27 maggio 2014

Santa madre Chiesa

di Roberto Marino

Forse quella santa donna di mia nonna (pace all'anima sua!) aveva proprio ragione quando, in dialetto calabrese, diceva di «stare attento alle vesti lunghe». Ora, per chi non conoscesse l'idioma o l'espressione, le lunghe vesti sarebbero i membri della gerarchia ecclesiastica, in particolare quelli di rango elevato (vescovi e cardinali), che godono di particolare prestigio e potere. Proprio contro di loro infatti sarebbe rivolta l'allusione polemica tratta dalla saggezza popolare.

A ben vedere, il giallo che sta investendo l'ex segretario di Stato vaticano, il cardinal Tarcisio Bertone, sembra confermare non solo i sospetti e le diffidenze della saggezza popolare tradizionale, ma anche il detto, dal sapore altrettanto caustico, che caratterizzava il pensiero di un grande rappresentante - nel bene e nel male - della storia recente, Giulio Andreotti. Tutti ricordano il detto che il divo, Belzebù, chiamatelo come vi pare, soleva dire: «A pensar male si fa peccato, ma qualche volta ci si azzecca». E se a trovarsi sulla stessa lunghezza d'onda sono stati due cattolici ferventi come mia nonna e Andreotti, la Chiesa non mi scomunicherà di certo dopo queste riflessioni.

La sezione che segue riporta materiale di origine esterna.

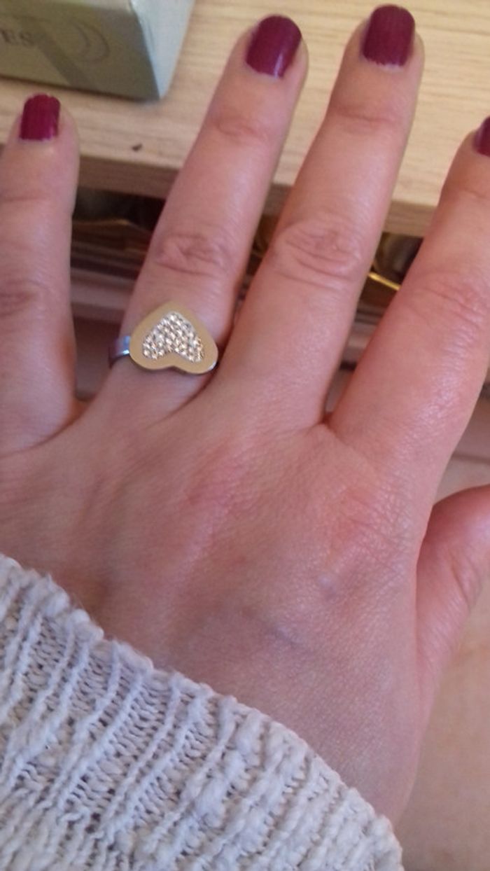 Jolie bague fantaisie en forme de coeur, argentée, avec mini strass au centre. Ajustable (pour info, ma taille est du 52). Comme neuve (portée une fois)
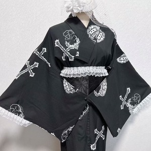 【デザイン】:クロス柄、スカルプリント、袖フリル、和装風シルエット
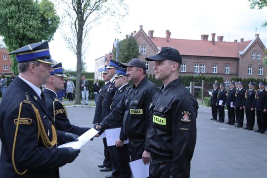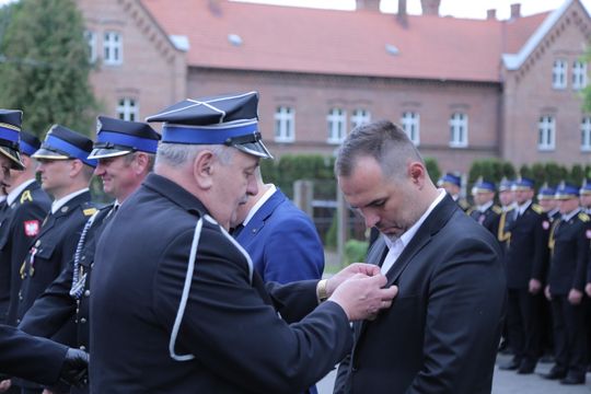 Podczas uroczystej zbiórki strażacy z powiatu elbląskiego zostali odznaczeni wyróżnieniami.

In effetti, l'affaire Bertone, che sta travolgendo il porporato già da qualche settimana (si ricorderà la polemica sullo scandalo che riguardava l'abitazione mastodontica di 700 mq, poi ridimensionata dal diretto interessato che ha parlato di un più modesto 200 mq) e che qualche giorno fa sembra essersi allargato a presunte operazioni finanziarie poco chiare, qualche motivo per sospettare lo fornisce. Ma veniamo dunque ai fatti. 

Secondo quanto riportato dal quotidiano tedesco Bild, il cardinale si sarebbe servito, durante il periodo di segretariato e presumibilmente nel dicembre di due anni fa, della bellezza di 15 milioni di euro dello Ior per finanziare un affare di Ettore Bernabei. Costui è il presidente di una società di comunicazione, la Lux Vide, che si occupa anche della produzione di fiction per la Rai e dalla quale viene finanziata ogni anno con 30 milioni di euro. E qui si parla dunque di implicazione di denaro pubblico, tanto è vero che, secondo le fonti tedesche, il cardinale sarebbe accusato di malversazione e su di lui starebbero indagando congiuntamente l'Aif - Autorità di informazione vaticana - e la Procura di Roma. 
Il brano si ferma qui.